* _Action item_
Please repeat exactly the lines below from the one containing "A ritual marking" down to the one containing "お部屋で子どもたちはブロック", both included, and nothing else.

* _Materials provided_
#####
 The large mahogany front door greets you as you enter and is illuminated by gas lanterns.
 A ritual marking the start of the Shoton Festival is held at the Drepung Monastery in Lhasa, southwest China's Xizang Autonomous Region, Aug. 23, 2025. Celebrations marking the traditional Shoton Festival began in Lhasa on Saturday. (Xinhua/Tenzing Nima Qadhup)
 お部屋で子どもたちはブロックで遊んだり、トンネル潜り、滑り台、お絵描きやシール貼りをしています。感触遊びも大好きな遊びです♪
#####
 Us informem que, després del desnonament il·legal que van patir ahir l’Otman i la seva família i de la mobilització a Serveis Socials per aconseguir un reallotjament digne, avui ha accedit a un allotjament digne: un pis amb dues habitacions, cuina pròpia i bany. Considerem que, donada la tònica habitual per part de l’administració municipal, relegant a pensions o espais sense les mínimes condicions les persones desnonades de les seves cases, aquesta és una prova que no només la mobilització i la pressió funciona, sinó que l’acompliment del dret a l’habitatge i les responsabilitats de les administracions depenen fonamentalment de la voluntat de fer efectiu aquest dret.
#####
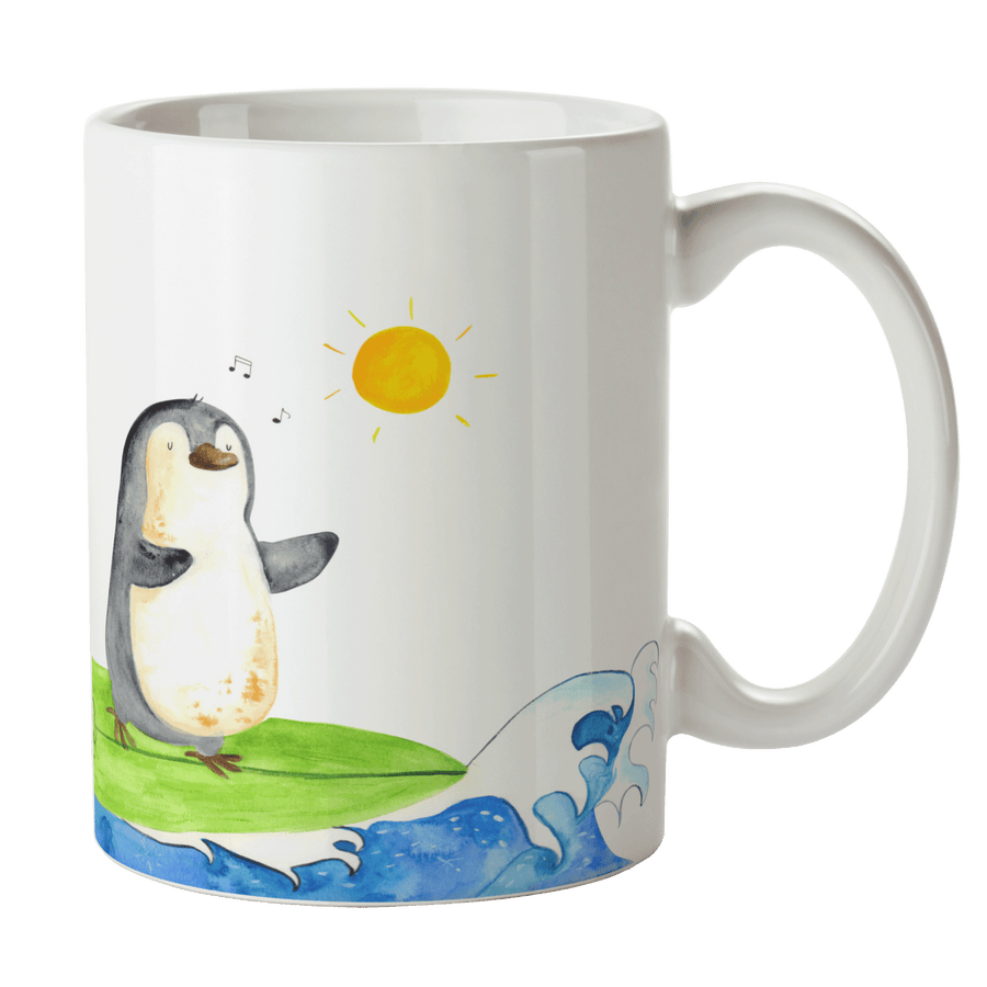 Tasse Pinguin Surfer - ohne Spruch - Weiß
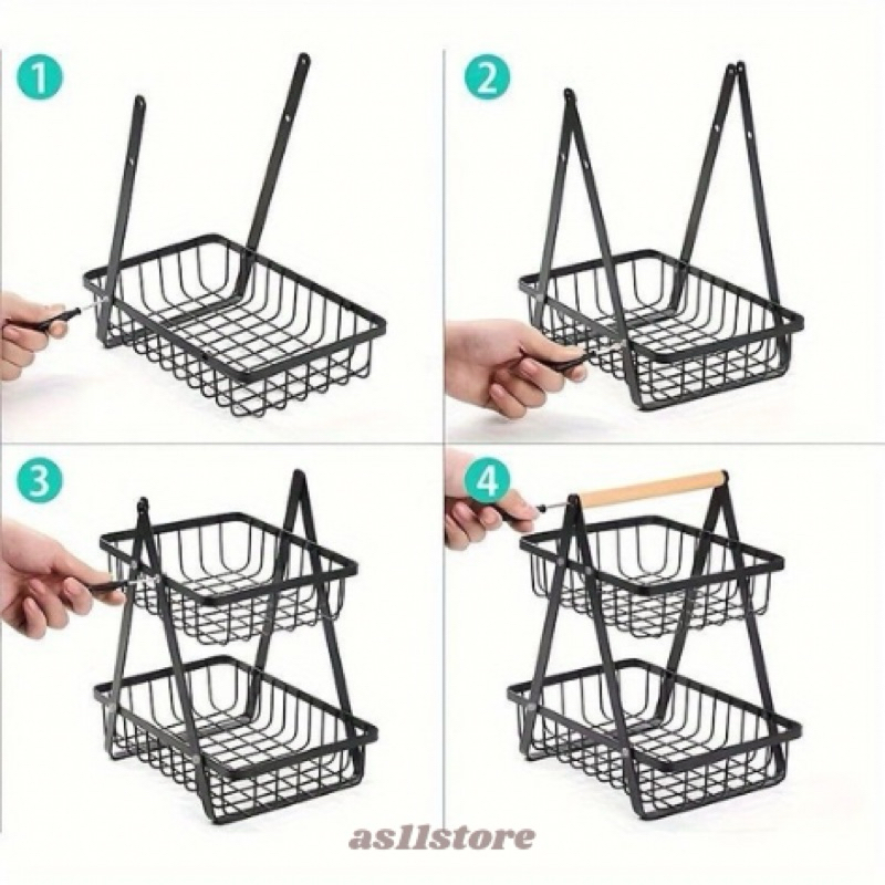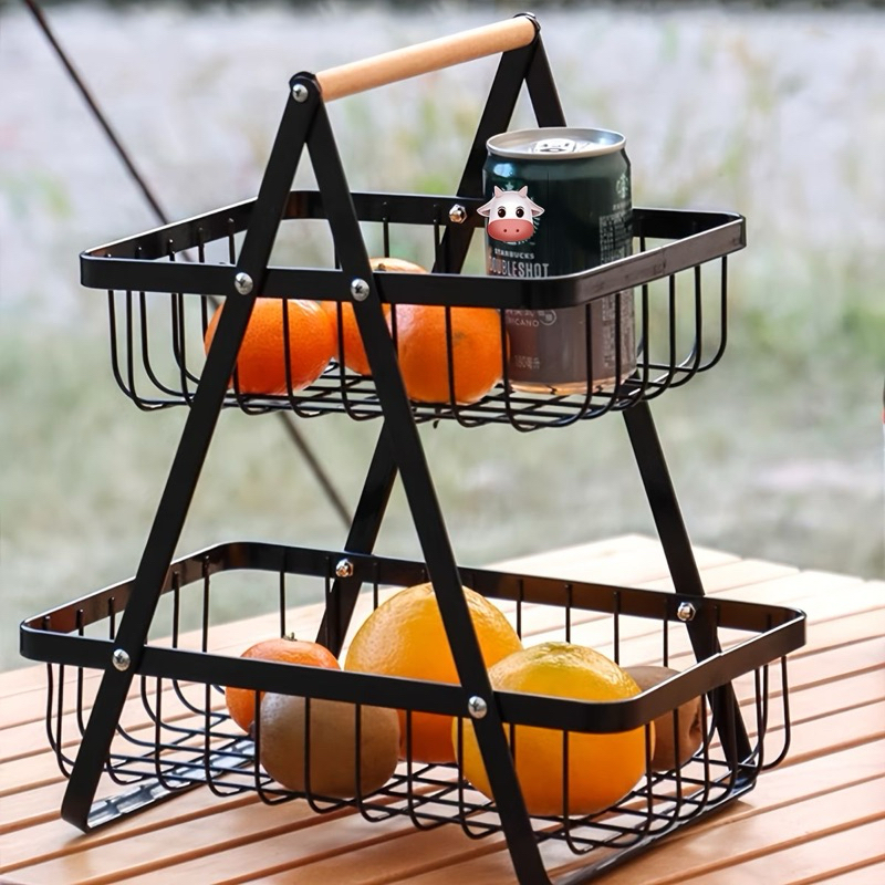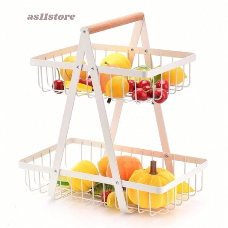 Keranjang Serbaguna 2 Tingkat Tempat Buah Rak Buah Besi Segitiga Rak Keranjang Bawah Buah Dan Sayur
#####
* _Answer box_
 A ritual marking the start of the Shoton Festival is held at the Drepung Monastery in Lhasa, southwest China's Xizang Autonomous Region, Aug. 23, 2025. Celebrations marking the traditional Shoton Festival began in Lhasa on Saturday. (Xinhua/Tenzing Nima Qadhup)
 お部屋で子どもたちはブロックで遊んだり、トンネル潜り、滑り台、お絵描きやシール貼りをしています。感触遊びも大好きな遊びです♪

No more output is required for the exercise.